Upbeat Guidance: Rockwell Automation anticipates fiscal 2020 earnings per share in the range of $8.70 to $9.10. The mid-point of the guidance range indicates year-over-year growth of 3%. Reported sales growth is expected at 2-5%. Sales for fiscal 2020 are expected at around $7 billion. Rockwell Automation anticipates segment operating margin at 21.5% in fiscal 2020. The Hybrid industries are expected to be up in low single-digits driven by growth in Life Sciences, Food & beverage, and Tire markets.

Positive Earnings Surprise History: Rockwell Automation has outpaced the Zacks Consensus Estimate in three of the trailing four quarters by 4.45%, on average.

Positive Growth Projections: The Zacks Consensus Estimate for earnings is currently pegged at $8.93 for fiscal 2020, suggesting growth of 3% from the prior fiscal. For fiscal 2021, the Zacks Consensus Estimate for earnings stands at $9.32, indicating growth of 4% for the fiscal 2020 estimate.

The stock also has long-term expected earnings per share growth rate of 8.2%

Return on Equity (ROE): The company’s trailing 12-month ROE of 99.3% reinforces its growth potential. The company’s ROE is higher than the ROE of 68.1% for the industry, highlighting its efficiency in utilizing shareholders’ funds.

Growth Drivers in Place

Rockwell Automation’s strong financial position enables it to invest in organic growth and return excess cash to share owners through dividends and share repurchases. The company continues to expand portfolio of hardware and software products, solutions and services. It is likely to witness above-market growth driven by share gains in core platforms and double-digit growth in Information Solutions and Connected Services. Moreover, focus on productivity and actions to mitigate the impact of tariffs are likely to drive results.

In October, Rockwell Automation acquired MESTECH Services. The buyout enhances the company’s capabilities to profitably grow Information Solutions and Connected Services globally and strengthen its ability to help customers execute digital transformation initiatives. Rockwell Automation will be able to leverage MESTECH’s presence in India, which is one of its growing markets.

In January 2019, the company acquired Emulate3D, an innovative engineering software developer whose products digitally simulate and emulate industrial automation systems. In 2018, the company acquired PTC, which is a leader in the Industrial Internet of Things and augmented reality. The company’s acquisition pipeline remains robust.

Rockwell Automation has entered into a joint venture (JV) agreement with Schlumberger to form Sensia — the first fully integrated digital oilfield automation solutions provider. Sensia will operate as an independent entity, with Rockwell Automation owning 53% and Schlumberger owning the balance. Sensia is expected to generate initial annual revenues of approximately $400 million.

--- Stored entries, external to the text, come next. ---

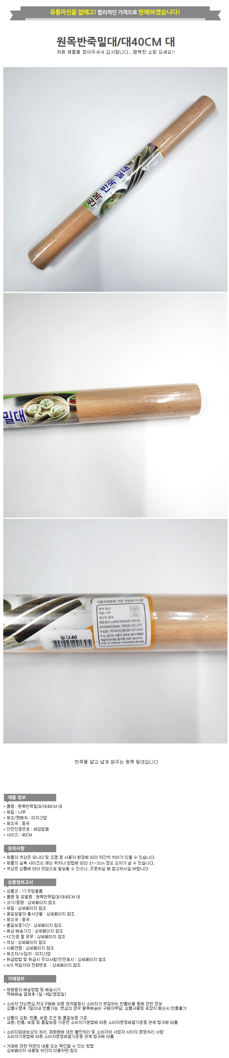 상품명:원목 반죽 밀대 대 40CM 만두피나무밀대 반죽밀대홍두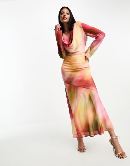 ASOS DESIGN - Robe longue à fleurs et col bénitier en mousseline marbrée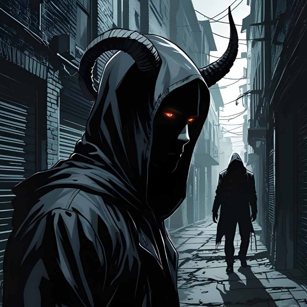Dark cinematic trap beat, eerie piano, dissonant strings, deep bass, Aggressive hi-hats, hard-hitting 808s, fast Spoken, tension builds, haunting echoes, sinister whispers, dramatic climax, story telling

However, there are a few factors that are impeding growth in the near term.

The recent slowdown in U.S manufacturing activity remains a headwind as Sales in the domestic markets accounts for roughly 54% of Rockwell Automation’s total sales. Further, sluggish automotive, semiconductor and chemical markets remain concerns.

Stocks to Consider

Some better-ranked stocks in the Industrial Products sector are Northwest Pipe Company NWPX, Tennant Company TNC and Sharps Compliance Corp SMED. All of these stocks carry a Zacks Rank #1 (Strong Buy), at present. You can see the complete list of today’s Zacks #1 Rank stocks here.

Northwest Pipe has an expected earnings growth rate of 15.5% for the current year. The stock has appreciated 47% in a year’s time.

Tennant has a projected earnings growth rate of 29.8% for 2019. The company’s shares have rallied 28% over the past year.

Sharps Compliance has an estimated earnings growth rate of 500% for the ongoing year. The company’s shares have gained 18% in the past year.